Information supplied section start
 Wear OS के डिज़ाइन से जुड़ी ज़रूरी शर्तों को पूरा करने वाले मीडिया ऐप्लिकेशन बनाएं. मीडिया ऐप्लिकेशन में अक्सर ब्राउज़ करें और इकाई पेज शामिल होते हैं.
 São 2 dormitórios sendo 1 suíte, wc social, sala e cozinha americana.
Information supplied section end
Information supplied section start
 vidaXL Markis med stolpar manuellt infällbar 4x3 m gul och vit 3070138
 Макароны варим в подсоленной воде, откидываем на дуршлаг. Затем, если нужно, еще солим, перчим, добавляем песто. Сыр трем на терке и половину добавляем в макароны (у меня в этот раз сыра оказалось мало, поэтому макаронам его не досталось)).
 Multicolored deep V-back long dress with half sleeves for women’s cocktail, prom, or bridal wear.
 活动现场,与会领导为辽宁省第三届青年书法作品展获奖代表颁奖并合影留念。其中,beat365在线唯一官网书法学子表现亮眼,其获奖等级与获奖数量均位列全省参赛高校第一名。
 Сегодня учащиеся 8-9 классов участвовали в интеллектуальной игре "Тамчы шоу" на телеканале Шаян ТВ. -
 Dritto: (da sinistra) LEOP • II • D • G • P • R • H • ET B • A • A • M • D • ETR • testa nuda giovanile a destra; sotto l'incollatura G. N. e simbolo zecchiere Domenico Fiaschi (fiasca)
Information supplied section end
Information supplied section start
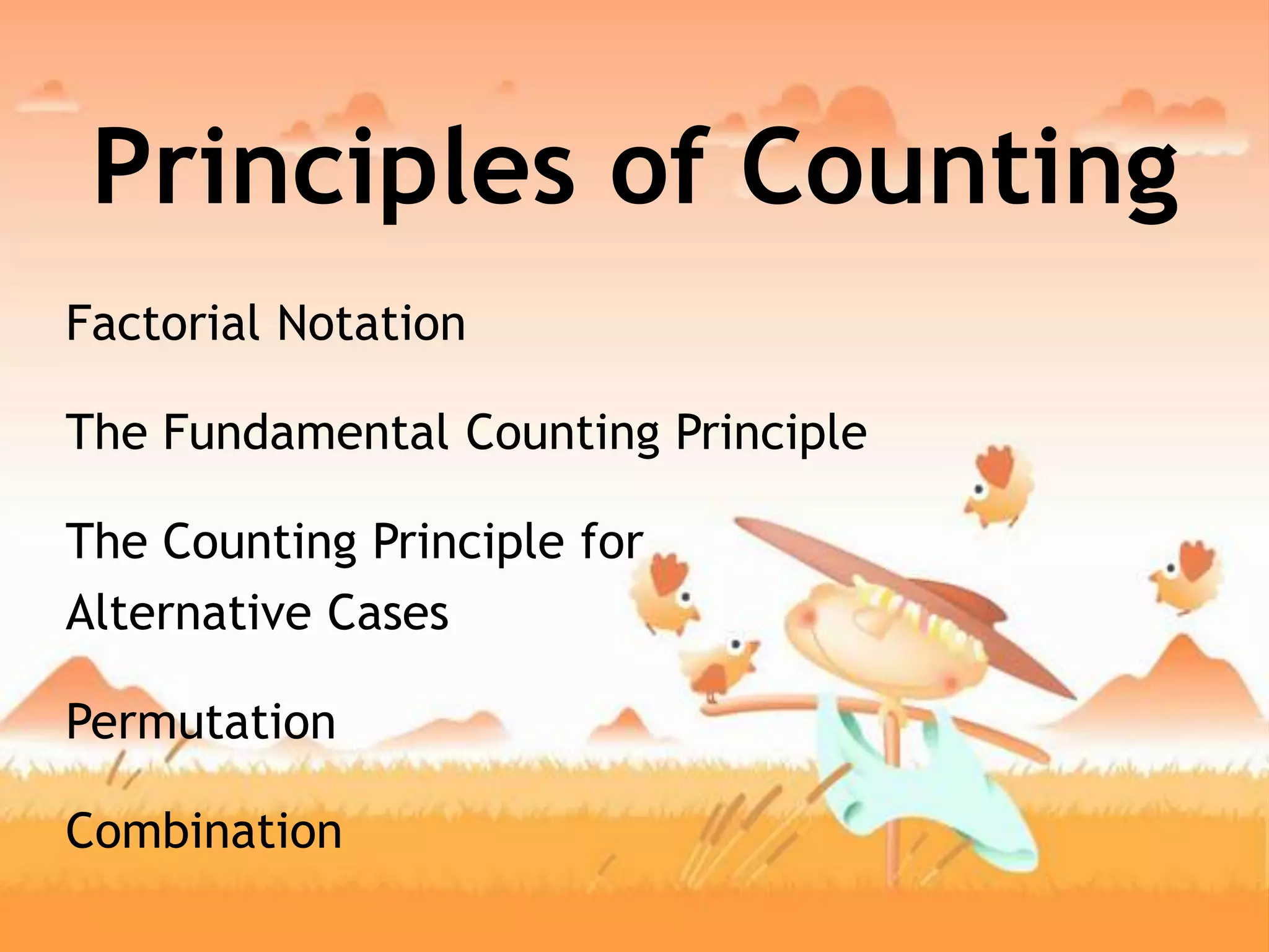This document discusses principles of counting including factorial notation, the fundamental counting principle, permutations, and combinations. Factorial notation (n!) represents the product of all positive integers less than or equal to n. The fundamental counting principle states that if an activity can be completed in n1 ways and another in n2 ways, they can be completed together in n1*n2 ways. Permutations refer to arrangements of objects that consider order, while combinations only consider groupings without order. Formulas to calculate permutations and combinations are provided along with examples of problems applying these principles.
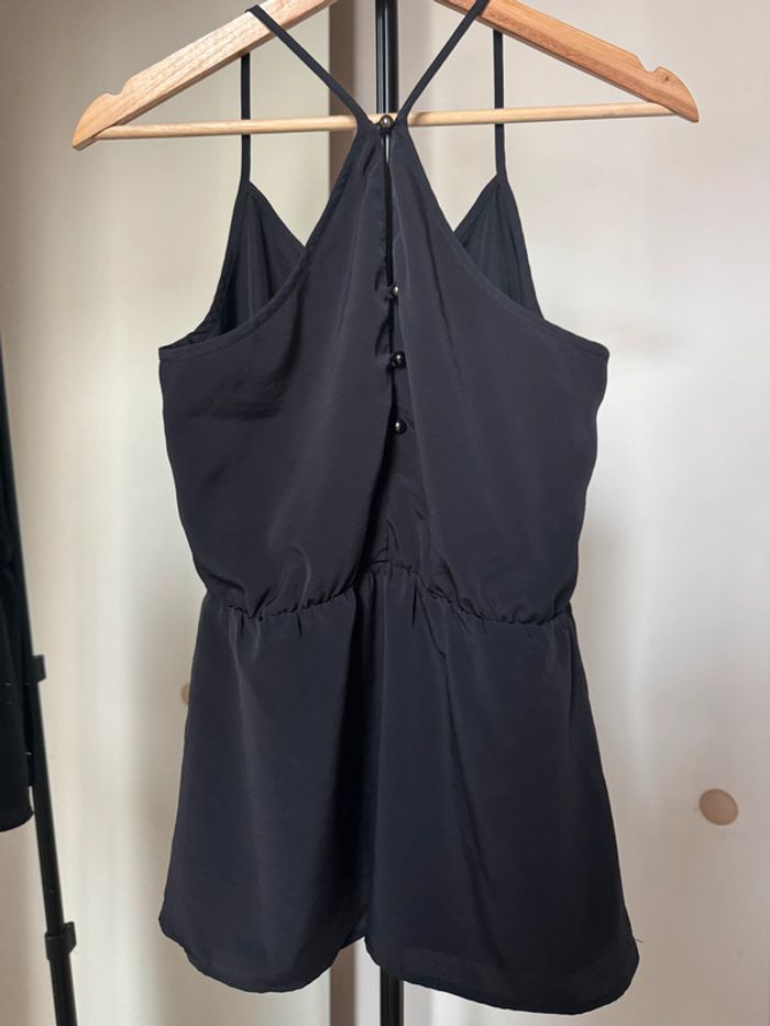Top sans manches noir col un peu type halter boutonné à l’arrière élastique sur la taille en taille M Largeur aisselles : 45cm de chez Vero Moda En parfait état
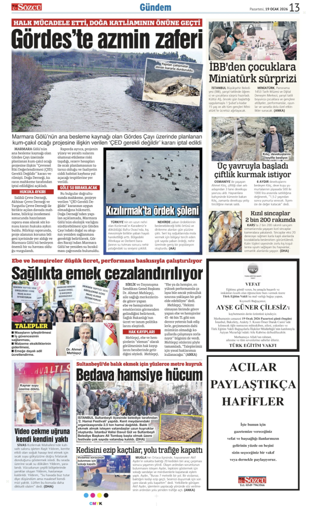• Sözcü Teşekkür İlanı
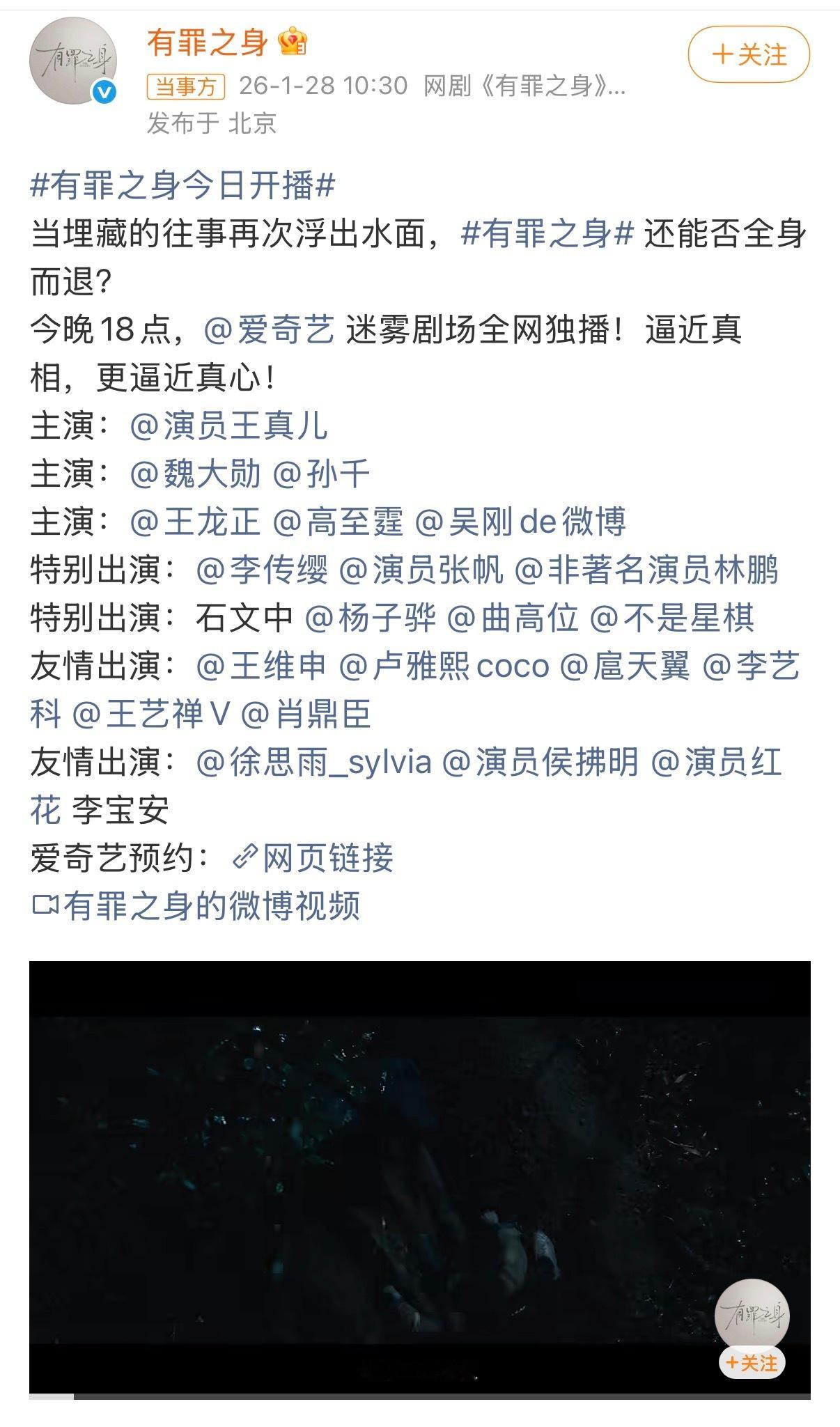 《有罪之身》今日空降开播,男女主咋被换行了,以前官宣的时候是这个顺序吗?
Information supplied section end
**What the task asks:** For the listing above, print only the lines starting at the line containing "Multicolored deep V-back" and ending at the line containing "Сегодня учащиеся 8-9", exactly, both included.

**Response area:**
 Multicolored deep V-back long dress with half sleeves for women’s cocktail, prom, or bridal wear.
 活动现场,与会领导为辽宁省第三届青年书法作品展获奖代表颁奖并合影留念。其中,beat365在线唯一官网书法学子表现亮眼,其获奖等级与获奖数量均位列全省参赛高校第一名。
 Сегодня учащиеся 8-9 классов участвовали в интеллектуальной игре "Тамчы шоу" на телеканале Шаян ТВ. -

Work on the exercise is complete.